The win was Slippery Rock's fifth in a row and was a thoroughly dominating one.
“I remember how it feels to be on the other side of a game like this,” Currie said. “I remember walking off Sharon's field (after a 56-8 loss) last year. It's great. Coming into this year, I knew we could do it. I just didn't know it would be like this.”
Slippery Rock coach Brendan Hathaway was hired before last season and had to install a complicated flexbone offense on the fly.
This year, that offense is churning out yards and scoring points in bunches.
Currie has a free pass to change plays at the line based on how the defense lines up against the spread-out offensive line.
In Hathaway's flexbone, there is as much as four feet of space between the center and guards and guards and tackles.
On many plays, the defense parted like the Red Sea allowing Currie ample running room.
“I was just checking to whatever was there,” Currie said. “We could pretty much run whatever we wanted to.”
Slippery Rock (5-1) rolled up 215 yards rushing and 267 total yards of offense in the first two quarters.

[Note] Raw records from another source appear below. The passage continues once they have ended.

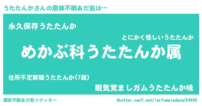 | 胡散臭い通販商品みたいなあだ名 | 『絶対に幸福をもたらす健康食品…その名も「うたたんか」』 |
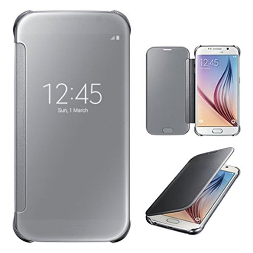 Galaxy S6 Edge, LEKESI Luxury Mirror Clear View Case Cover All-around Protection For Samsung Galaxy S6 Edge (Silver)
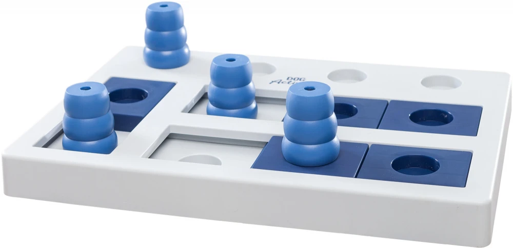 Le jeu d’échecs consiste en un « plateau » avec de petites cavités et des pions en plastique. Vous y cachez de petites friandises que votre chien essaie de sentir. Après quelques essais, votre animal apprendra à ramasser les pions et à ouvrir les tiroirs avec son museau ou sa patte pour obtenir son prix. Les échecs sont un jeu stimulant pour les chiens de tous âges. Il s’agit de l’étape suivante d’un jeu de stratégie et devrait être utilisé après l’entraînement avec le jeu « Solitaire ». Il est protégé contre le glissement par des pieds en caoutchouc.
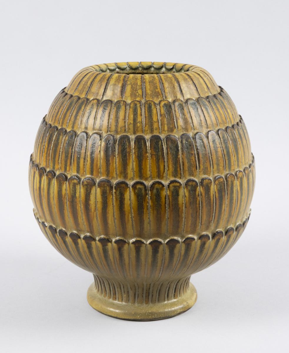 Tillbaka till sökningLägg till i min samlingSkriv utKopiera länk© Wilhelm Kåge/BUS 2014FöremålVasWilhelm Kåge (1889 - 1960) Gustavsbergs porslinsfabrik (*1827)Glaserat stengods22,00 x 20,00 cmFarsta1952RKM 29-1953Gåva 1953 från tillverkarenVerket är inte utställt
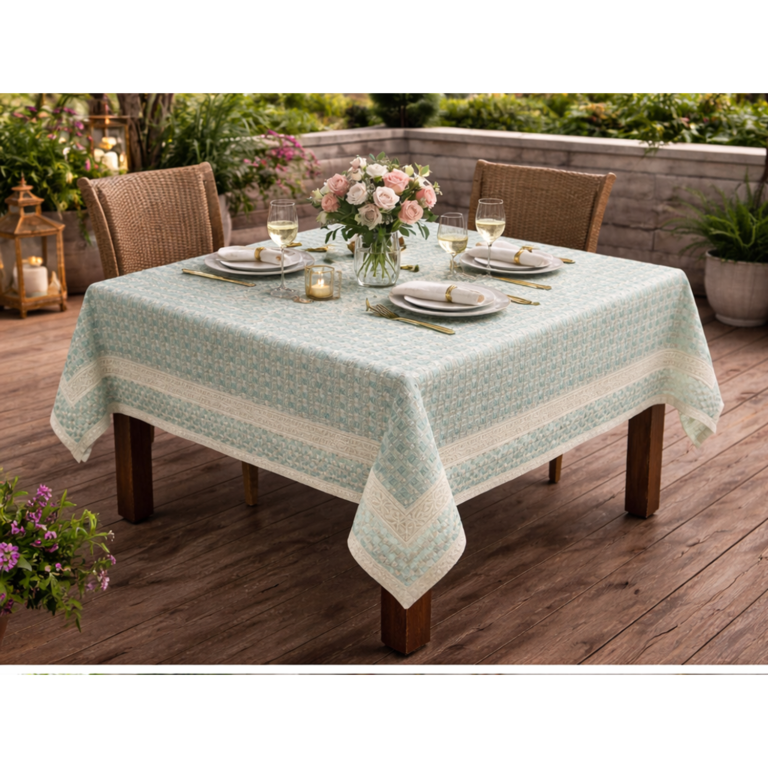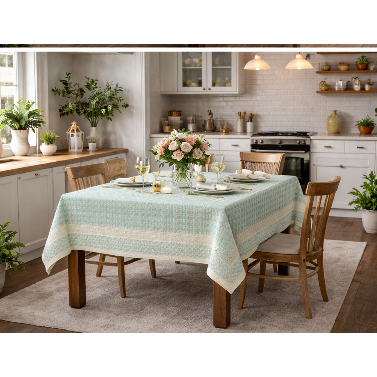 Zarif desenleriyle ve kenar bordür ile süslenmiş, otantik bir görünüm sunan krem/ yeşil rengi masa örtüsü, yemek masanızın şıklığını artırır
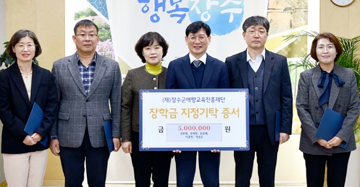 이날 기탁에 참여한 승진자들은 “장수군 청소년들이 글로벌 인재로 성장해 지역발전의 밑거름이 될 수 있도록 기탁에 동참하게 됐다”며 “어려운 여건 속에서도 꿋꿋하게 공부하는 학생들이 용기를 잃지 않길 바란다”고 전했다.
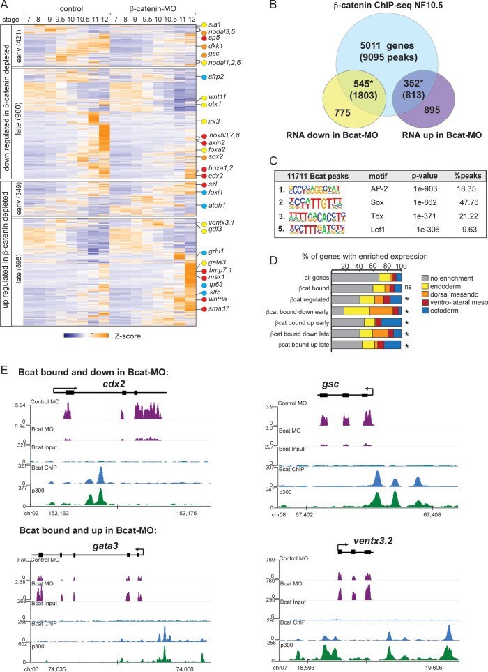 - Figure 3. The Bcat-regulated genomic program. ( A ) Time course heatmap of Bcat-regulated transcripts. Differential expressed genes from a pairwise comparison of control-MO and Bcat-MO embryos ( > 2 FC, FDR < 5%) at each stage identified 2568 Bcat-regulated transcripts; 1321 downregulated and 1247 upregulated in Bcat-MO embryos. Key genes are color coded based on regional expression from ( D ). ( B ) Venn diagram intersecting Bcat-regulated genes with Bcat-bound genes (and associated peaks) from published X. tropicalis gastrula Bcat ChIP-seq data () identified 898 putative direct targets associated with 2616 peaks. Statistically significant intersections based on hypergeometric tests* p
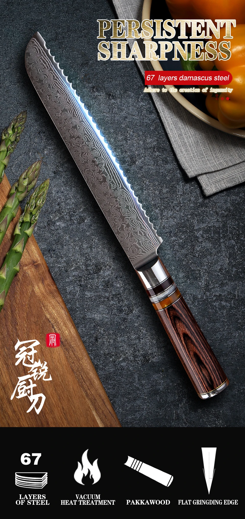 Изготовлен из 67-слой дамасской Сталь импортируется из Японии. VG-10 стальной режущий сердечник;
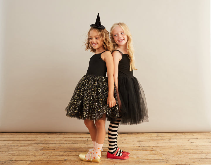 • Sparkle they’ll adore: a gold shimmer skirt that catches the light with every twirl
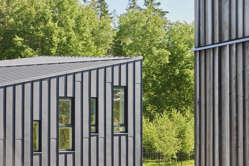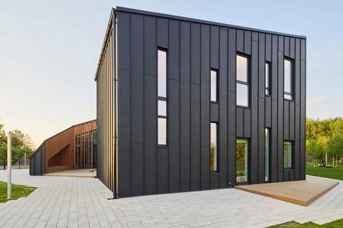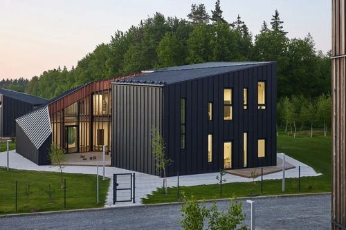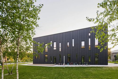 外立面的深色包層與自然環(huán)境形成鮮明對比,從地板延伸出來(lái)的又高又窄的窗戶(hù)提供了一個(gè)暢通無(wú)阻的外部世界,讓孩子們以一種獨特的方式與自然聯(lián)系。
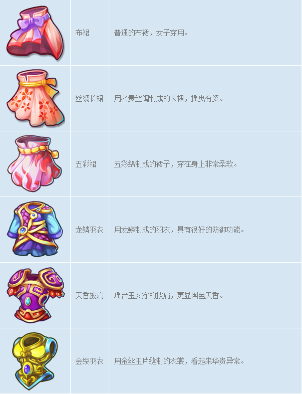 根据装备所要求的性别分为两类,主要起到伤害保护和增强体质的作用。
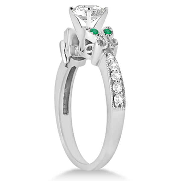 14k White Gold Heart Diamond & Emerald Butterfly Bridal Set 1.21ct with Freshwater Pearl Fine Jewelry
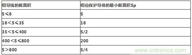 保護導體(PE)的截面積不應小于下表給出值
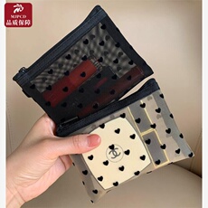 日本优品植绒爱心网纱小收纳包2025随身便携女新款旅行化妆包迷你
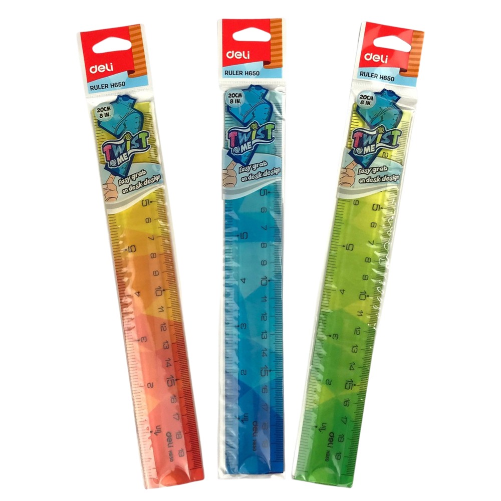 Deli ruler, plastic, mixed colors, 20 cm. Designed for accurate measurement and clear drawing, this ruler is ideal for office and school use.
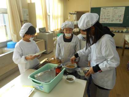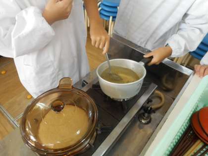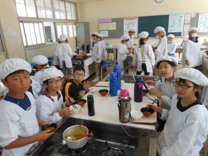 今日の調理実習の様子です。自分たちで作ったご飯とみそ汁なので、子どもたちはとてもおいしそうに食べていました。
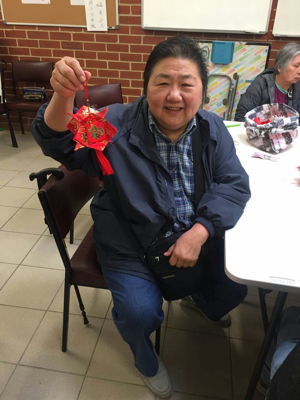 後半部份, 中秋佳節剛過, 陽光團隊教導與協助會員及家屬製作手工燈籠, 以幫助手部和眼部運動, 會員及家屬們可彼此溝通及鼓勵, 最後完成 “福燈籠” 作品帶回家做紀念, 共用歡樂氛圍, 氣氛相當融洽, 大家都滿懷笑容, 相當喜歡當天活動。
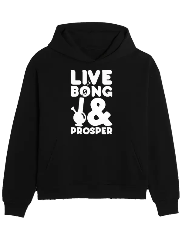 Be the first to review “Live Bong & Prosper Black Pullover Hoodie” Cancel reply
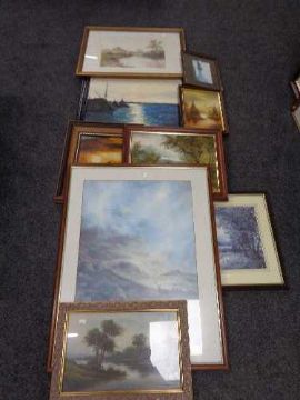 A quantity of assorted framed pictures, oil on board, framed watercolour, rural landscape etc
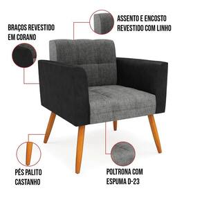 Você gosta de colecionar vários momentos memoráveis com sua família e amigos? Que tal recebê-los, com móveis de altíssima qualidade que só a D'Rossi tem? A Poltrona Elisa é adequada para você! Seu design retrô é a grande tendência do momento. Pode ser usada em diversos espaços da casa, em salas, hall de entrada, quartos, cozinhas, varanda, sacada, escritório, dentre outros. Contém as seguintes características: A estrutura é feita de madeira de Eucalipto 100% de reflorestamento, e a Pés Palito Castanho, além de ser resistente e durável, suporta em média até 120 kg. Assento, encosto e braços, contém enchimento de espuma D-23 e é estofada em tecido Corano Preto com Linho, no tom Grafite, que oferece muito conforto e resistência ao sentar, com aquela sensação de maciez e aconchego. Possui também, detalhes de costura no encosto e assento, resultando em um acabamento impecável, conferindo muito mais valor e elegância ao seu espaço. Para complementar a decoração com essa linda poltrona, a dica é utilizar mantas, almofadas ou vasinho de flor. E pronto, seu cantinho estará perfeito para descansar e relaxar! Aqui, você encontra várias opções, para que seus amigos e familiares se sintam acolhidos. Garanta já sua Poltrona.

Currie threw just one pass — a 52-yard connection with Sam Furrh that set up a 6-yard scoring run by Ben Gaul to make it 21-0 early in the second quarter.
Slippery Rock tacked on two more touchdowns in the second half and led 49-0.
Sharon's lone score came with 15 seconds remaining in the game.
“We believe in the offense we run,” Hathaway said. “They are running it very well. They're putting the work in. They're practicing hard and they are doing their job on Friday night.”
The biggest difference between the disastrous 2010 season and the resurgent 2011 campaign has been the defense.
It was showcased against a speedy Sharon team that was missing 17 players due to injury and disciplinary reasons.
Slippery Rock limited the Tigers (1-5) to a mere 101 yards of offense.
Sharon quarterback Jason Ondic was flustered all game, gaining 19 yards on 11 carries and completing just four passes for 28 yards.
The Rockets were flying to the ball with as many as eight guys in on virtually every tackle.
Junior linebacker Dylan Neal led the charge.
“We all believe in each other this year,” Neal said. “We are a band of brothers. We'll go to battle in the trenches with each other.”
That togetherness has allowed Slippery Rock to overcome teams that blew them out last season as well as low expectations others outside of the program had for the Rockets this year.
“When I saw these guys working this offseason, and these guys working in two-a-days, we knew we had something,” Hathaway said. “I've been coaching for nine years now and I've never been more proud of a team because there were a lot of doubters out there, and these guys believe. All the credit goes to the kids.”